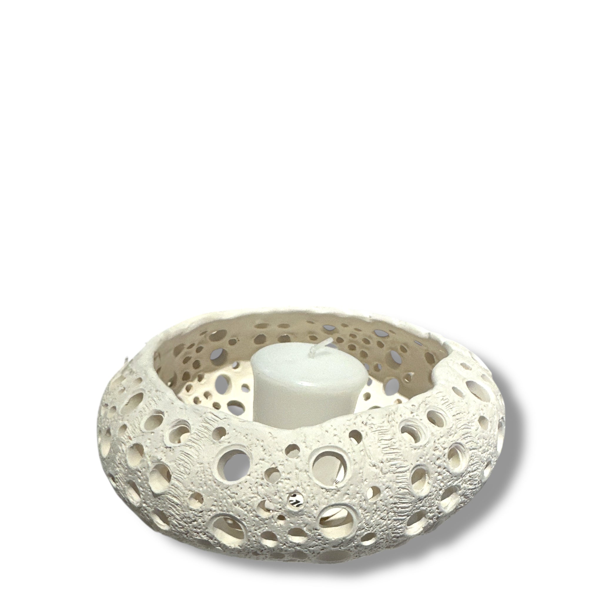 The holes are pushed through the pure white porcelain to resemble the spines on the outside. The effect of the glow of light from the candle or the soft led light creates a soothing and comforting atmosphere. Each bowl is hand made to look like a sea urchin. Penny added life like ceramic barnacles on the bottom of each bowl.
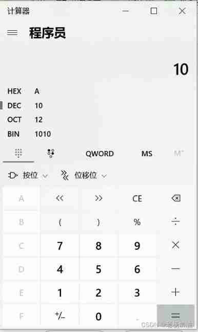 当前位置:网站首页>Call the computer calculator and use it to convert several base numbers
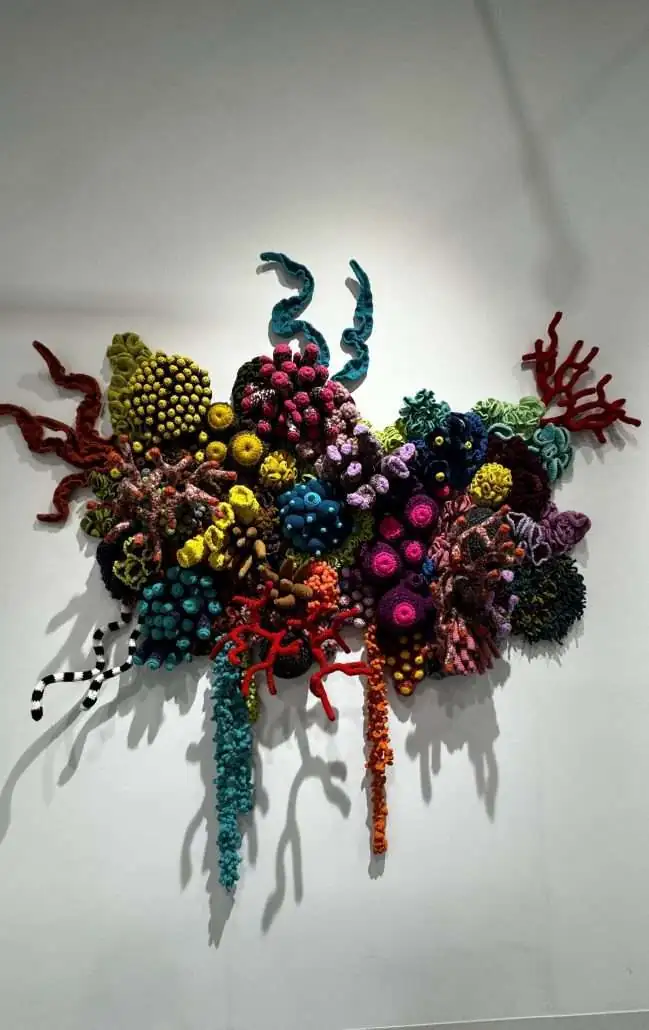 印象畫廊,鄭麗雲。圖片來源/DFUN。D GALLERIE展出來自印尼的藝術家,以針織技術呈現宛如海底生物的生動感與型態。

Directions
Would you output, word for word, only the lines running from the line with "当前位置:网站首页>Call the computer" to the end of the listing above, both ends included, with no pictures?

Output
 当前位置:网站首页>Call the computer calculator and use it to convert several base numbers
 印象畫廊,鄭麗雲。圖片來源/DFUN。D GALLERIE展出來自印尼的藝術家,以針織技術呈現宛如海底生物的生動感與型態。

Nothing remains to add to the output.